どうしようもない中心の感覚とともに、キスが口内を探る感触で淫靡な心地が体中を支配する。

翔琉「あいっ……さ、さんっ……!」

愛沙「あぁっ、ああっ、ああんっ……!」

ふいに訪れた奥の痙攣で、脱力する。

翔琉「愛沙さん、大丈夫?」

愛沙「う、うん……ごめん、慣れてなくて……私ばっかり……」

翔琉「それは全然。
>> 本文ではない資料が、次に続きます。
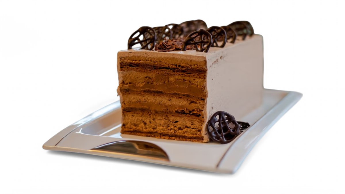7 - 10 parčeta. Čokoladni biskvit, krem od najfinije crne čokolade i krem od vanile, bogat seckanim lešnikom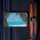 The image adorning these products is of a beautiful tropical beach with white sand, azure blue skies and a turquoise ocean. This is original artwork and was created using chalk, felt tip pens and colored pencils.

むしろ可愛い愛沙さんが見られて嬉しい」

にこ、と笑うのにどきりと胸が弾む。

愛沙(何か、できたらいいんだけど……)

自分から、と思うと羞恥で全身が熱くなる。

愛沙(今更、だけど、今までこういう関係じゃなかったんだし……)

どうするべきか、となんとなく翔琉を見る。

翔琉「もう……そんな潤んだ目で見ないで」

愛沙「え?」

腰に添えた手にぐっと力を入れられたかと思うと向かい合うような形に体勢が変わる。

愛沙「……っ!」

内腿に触れる感触にハッと息を飲んだ。
硬くなった男の物が触れていて、その感触を認識した途端に感情とともに蜜が湧き出るようにあふれ出ていることに気づく。

翔琉「いい……?」

愛沙「っ……」

気遣うような視線に伏目がちにうなずくと、男の先が入り口に触れる。

愛沙「んっ……はぁ……っ」

その些細な接触の感触だけで思わず腰が浮くのを背に回された腕で留められる。

じれったくて、苦しくて、心地よくて、飲み込もうとする体が蜜をどんどんとあふれさせ、腰がしなる。

翔琉の広い背中に手を回すと、お互いの距離が縮んだ。

翔琉「くっ……」

愛沙「んんっ!ああん!!」

滑らかに滑り込んだものを咥え込んだ中心が奥を探すように蠢く。
腰がゆらゆらと揺れて、

愛沙「あああんっ!」

恥ずかしげもない声が響く。

翔琉「くっ……愛沙……さん……っ」

うっとりとした声が先ほどまでよりもより甘美に鼓膜に響く。
しばらく中を満たす感覚があった後、引き抜かれる気配を感じてせつなく思っていると、

愛沙「あああああっ……!」

空虚さが襲う間際で一気に差し込まれ快感の波が押し寄せた。

翔琉「愛沙さん……っ!愛沙……!」

愛沙「ああっ、ああっ、あああっ!!!」


幾度かの波の後大波が押し寄せ、その波に飲み込まれていった―――。